15. Giova precisare, a tale proposito, che per sottrarsi al sindacato di legittimità l’interpretazione data dal giudice di merito ad un contratto non deve essere l’unica interpretazione possibile, o la migliore in astratto, ma una delle possibili e plausibili interpretazioni; sicchè, quando di una clausola contrattuale sono possibili due o più interpretazioni, non è consentito, alla parte che aveva proposto l’interpretazione poi disattesa dal giudice di merito, dolersi in sede di legittimità del fatto che fosse stata privilegiata l’atra (Cass. n. 24539 del 2009; Cass. n. 27136 del 2017).

16. La Corte di merito, nella specie, con adeguata e congrua motivazione ha indicato le ragioni per le quali ha ritenuto che l’accordo risolutivo riguardasse, oltre al periodo in cui il D. aveva rivestito la carica di Direttore generale, anche il periodo in cui era stato Amministratore delegato, sottolineando, per avvalorare tale convincimento, sia aspetti logico-giuridici (riconoscimenti di un incentivo all’esodo con l’aggiunta di una quota di TFR riguardante tutto il rapporto; la disponibilità di benefits aggiuntivi; rinuncia al compenso di amministratore delegato per l’anno 1996, la circostanza che il C.d.A., nella seduta del 30.9.1998, ratificando l’accordo conciliativo, aveva espresso un apprezzamento per l’opera svolta nei “ruoli dallo stesso ricoperti”), sia letterali (perchè nell’accordo le parti si erano comunque obbligate a rinunciare espressamente ad ogni azione promossa o promuovenda e a non avere più nulla a pretendere per alcun titolo, ragione o causa, l’una dall’altra in ragione della transazione).

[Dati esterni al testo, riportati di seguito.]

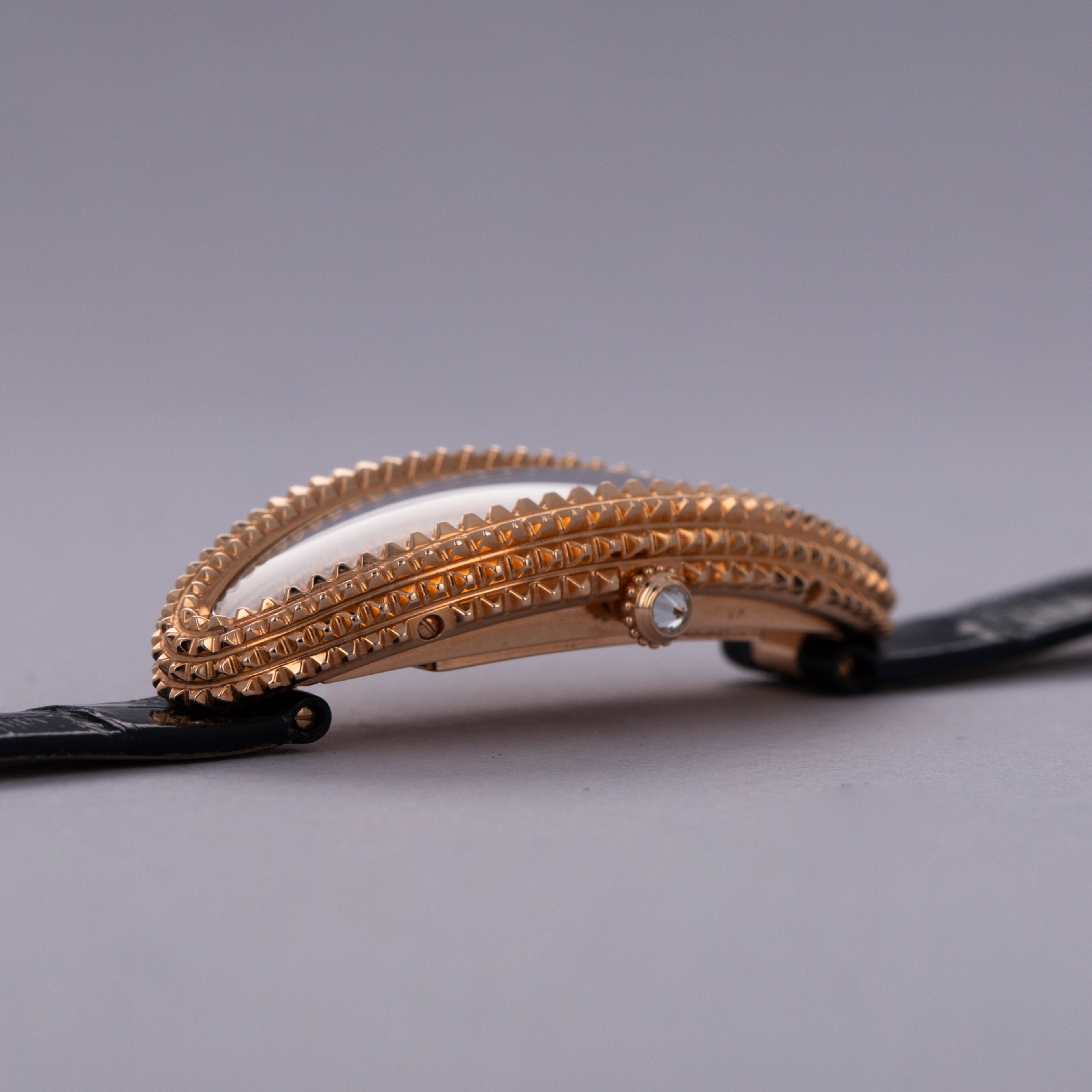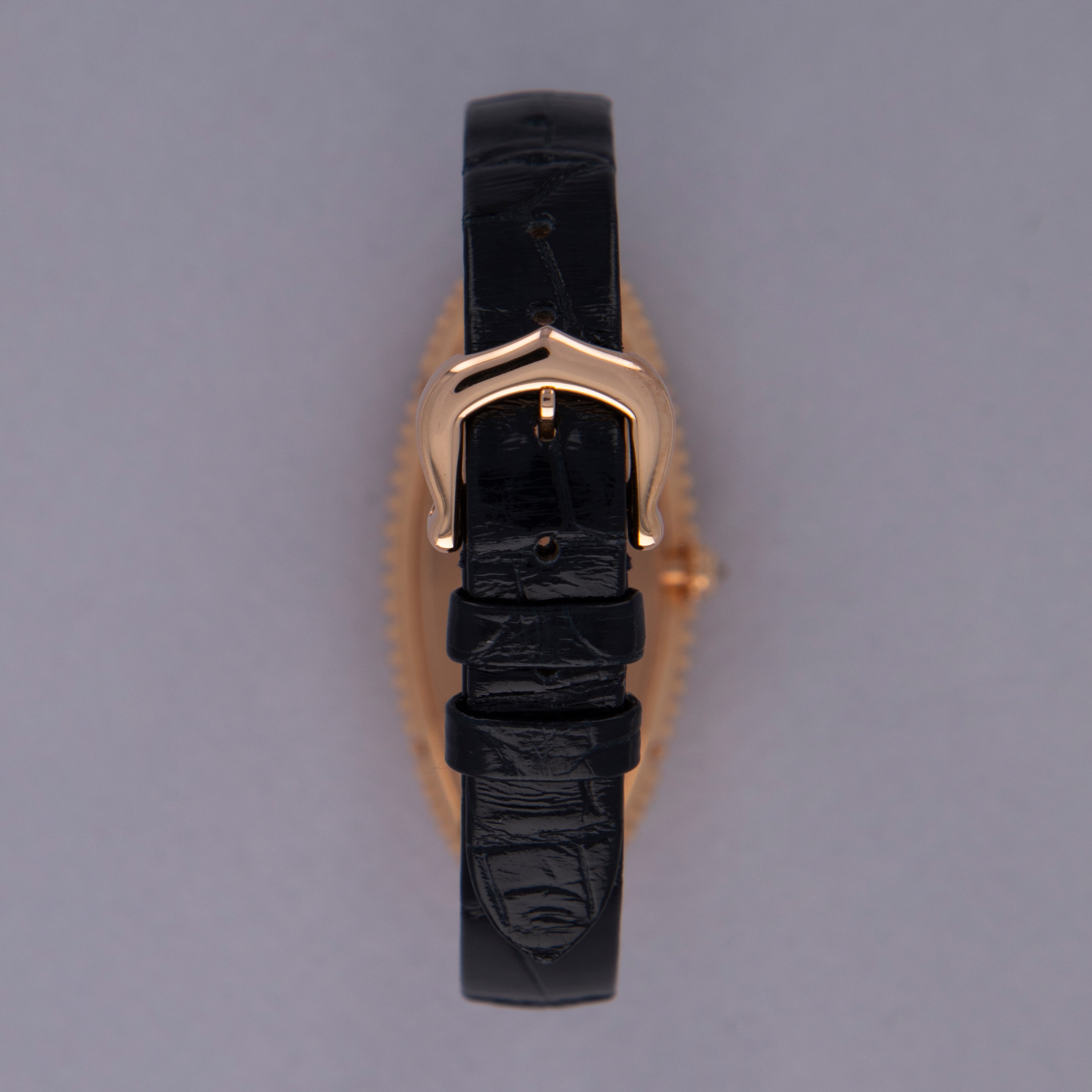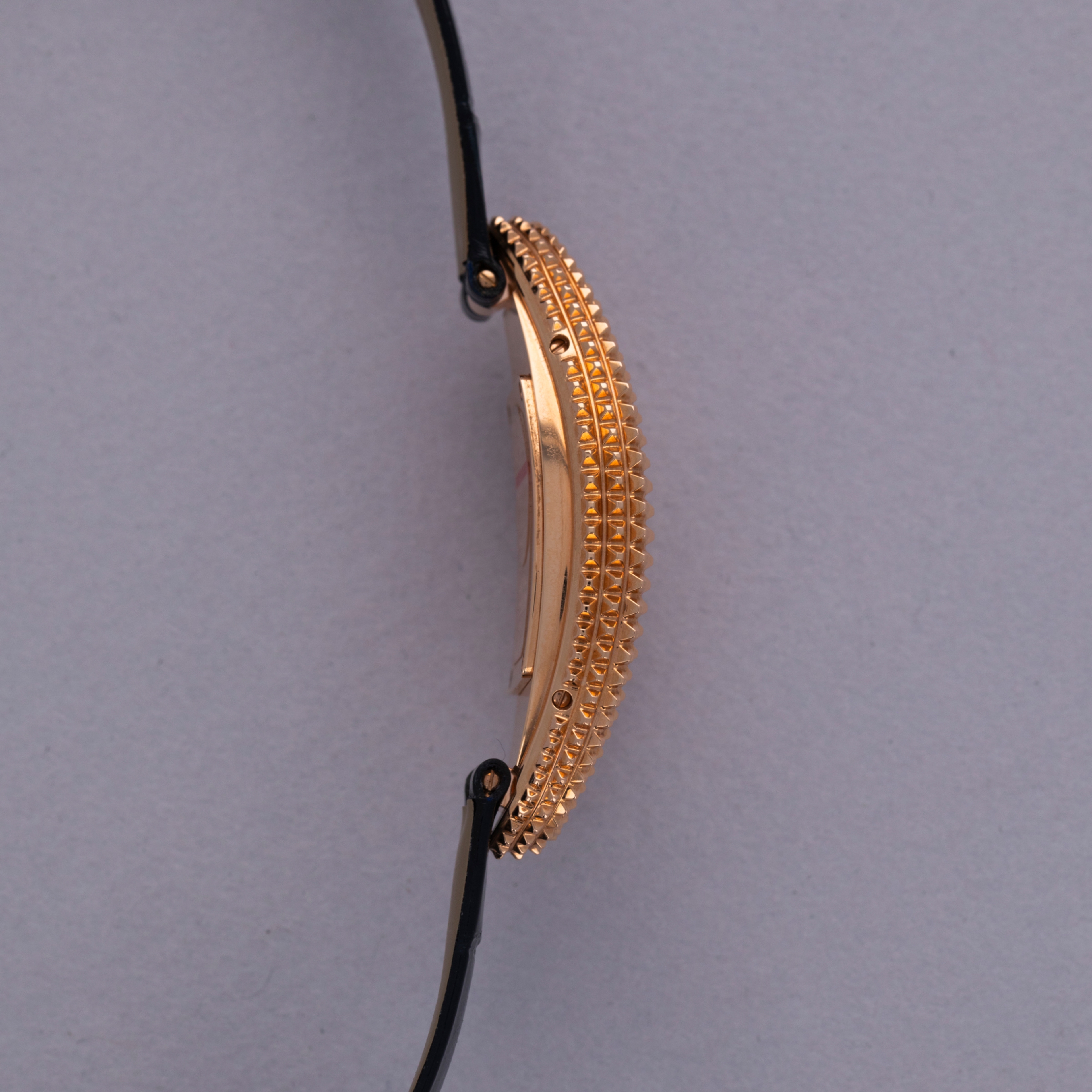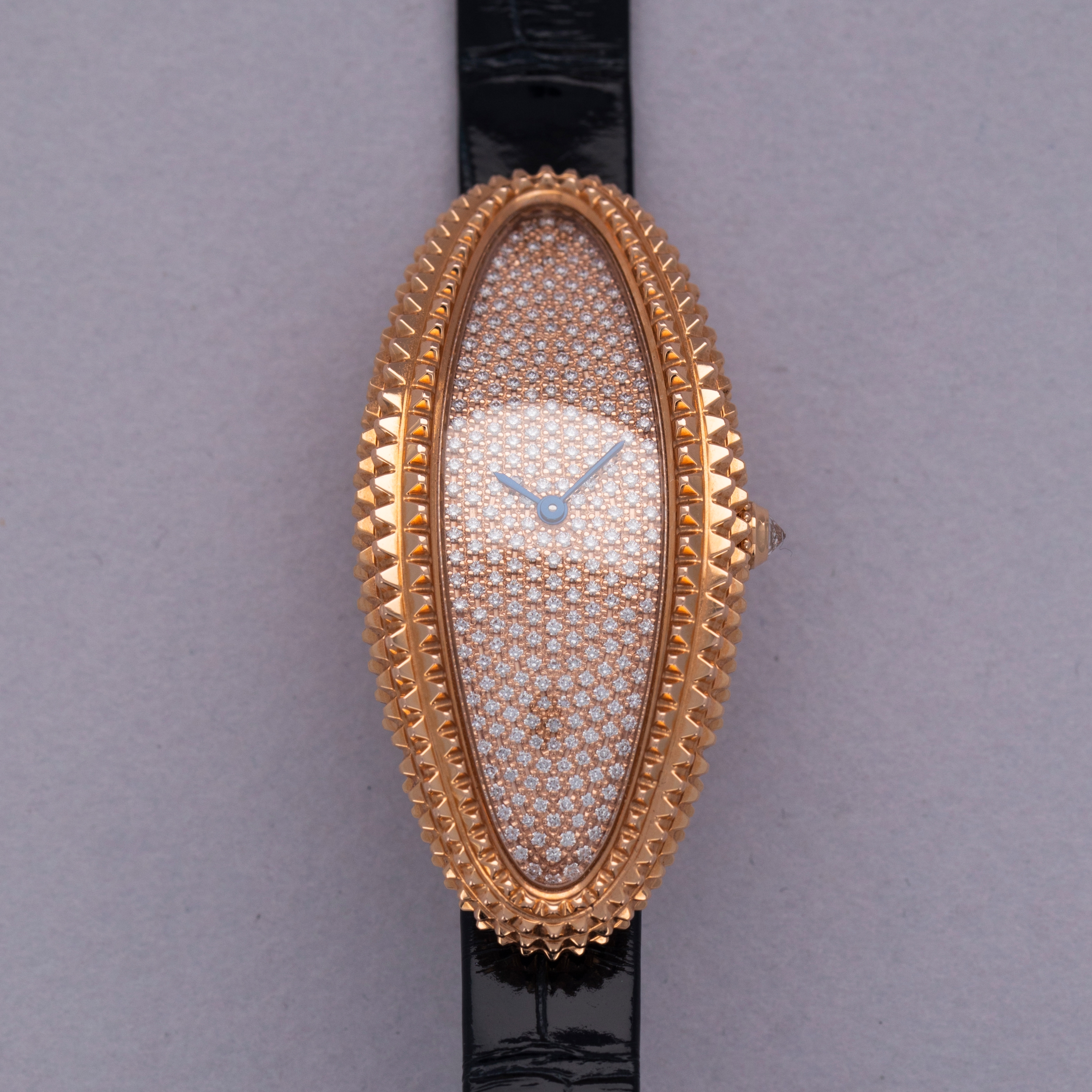 An elongated take on the Baignoire's iconic bathtub-like oval design, the Baignoire Allongee's construction wraps around the wrist elegantly, and with its uniquely textured bezel and mid-case, the example we have here is intensely elegant.

17. Siffatta motivazione, oltre ad essere logicamente congrua, è altresì giuridicamente corretta nonchè in linea con i principi ed orientamenti giurisprudenziali sopra richiamati, di talchè le critiche concernono la ricostruzione della volontà negoziale operata dal giudice di merito e si rivelano, in realtà, come una inammissibile proposta di una interpretazione avversa rispetto a quella adottata.

18. Alla stregua di quanto esposto, il ricorso deve essere rigettato.

19. Nulla va disposto in ordine alle spese di lite non avendo la intimata svolto attività difensiva.

20. Ai sensi del D.P.R. 30 maggio 2002, n. 115, art. 13, comma 1 quater, nel testo risultante dalla L. 24 dicembre 2012, n. 228, deve provvedersi, ricorrendone i presupposti processuali, sempre come da dispositivo.

P.Q.M.

La Corte rigetta il ricorso. Ai sensi del D.P.R. 30 maggio 2002, n. 115, art. 13, comma 1 quater dà atto della sussistenza dei presupposti processuali per il versamento, da parte del ricorrente, dell’ulteriore importo a titolo di contributo unificato, pari a quello previsto per il ricorso, a norma dello stesso art. 13, comma 1 bis se dovuto.

Così deciso in Roma, il 16 settembre 2020.